Zero-copy from host to device decreases cudaMemcpyAsync device to host performance

Hi all,

I have run into some performance problems when running a zero-copy kernel that transfers data from the host to the device concurrently with DMA copies (cudaMemcpyAsync) from device to host. More specifically, if I run cudaMemcpyAsync by itself or even concurrently with another cudaMemcpyAsync that transfers data in the opposite direction, each transfer shows ~12GB/s in the visual profiler.

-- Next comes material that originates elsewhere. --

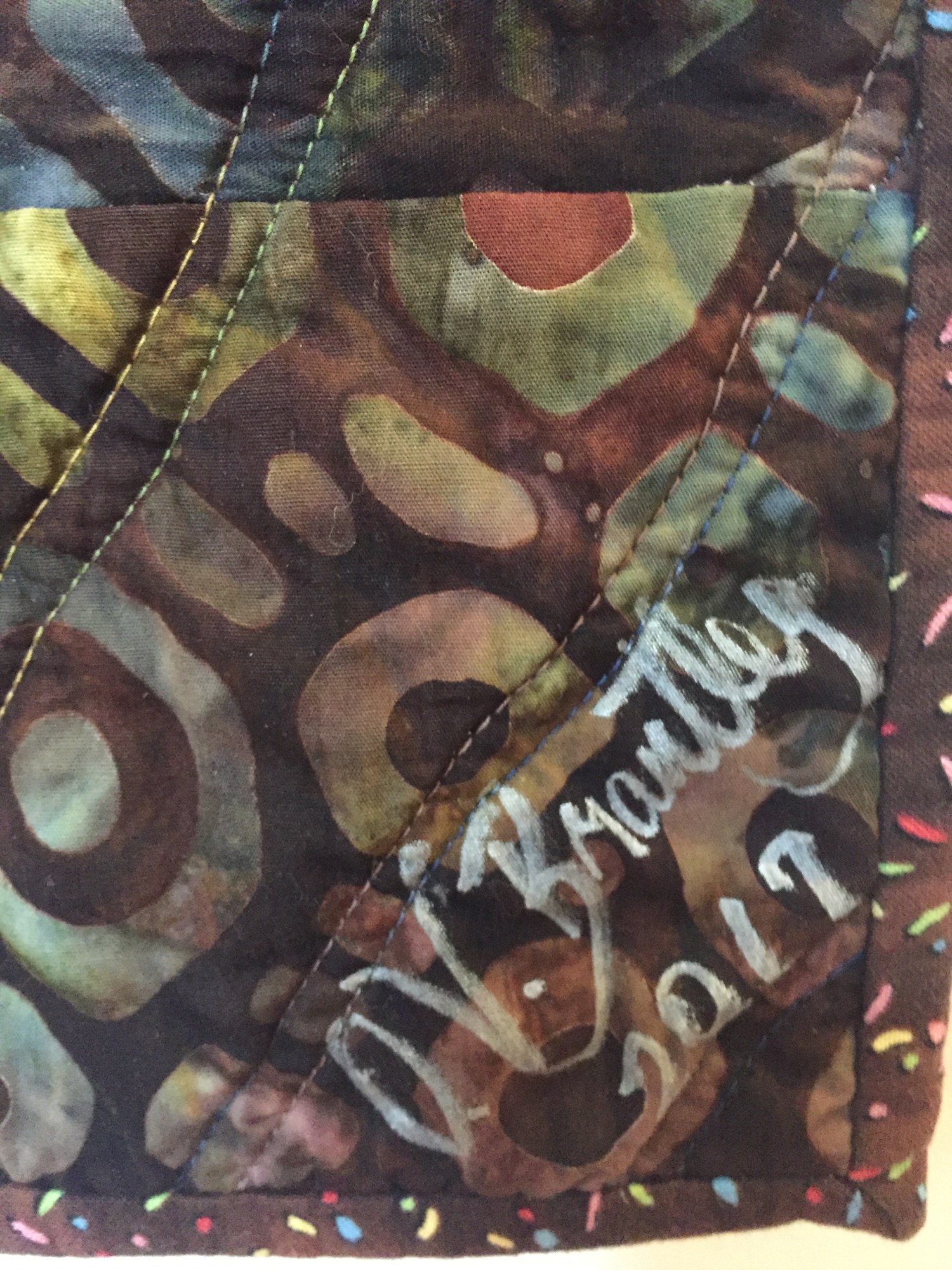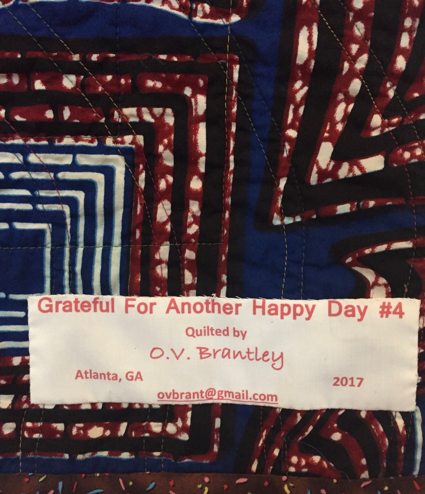 I signed and dated the quilt on the front. "Grateful For Another Happy Day #4" is one-of-a-kind.

However, if I replace the cudaMemcpyAsync which transfers from host to device with a zero-copy kernel, then the cudaMemcpyAsync device to host drops to ~8-9GB/s.

Here is the example code:

__global__ void zeroCopyHostToDevice(unsigned int* d_odata, const unsigned int* __restrict__ h_idata, unsigned int memSize32)
{
    const unsigned int idx = blockIdx.x * blockDim.x + threadIdx.x;
    if (idx >= memSize32)
    {
        return;
    }
    d_odata[ idx ] = h_idata[ idx ];
}

...
    const unsigned int nstreams = 4;
    cudaStream_t streams[nstreams];
...
    unsigned int memSize32 = memSize / 4;
    dim3 block(256);
    dim3 grid((memSize32 + block.x - 1) / block.x);

    for (unsigned int i = 0; i < MEMCOPY_ITERATIONS; i++)
    {
        zeroCopyHostToDevice<<<grid, block, 0, streams[i % nstreams]>>>((unsigned int*)d_idata, (const unsigned int*)h_odata, memSize32);
        checkCudaErrors(cudaMemcpyAsync(h_odata, d_idata, memSize, cudaMemcpyDeviceToHost, streams[i % nstreams]));
    }
...

My assumption is that to perform the zero-copy reads, the GPU issues PCIe requests to the host which is occupying bandwidth in the same direction as the DMA writes to the host. Is this a correct assumption or is there another explanation?

Thanks!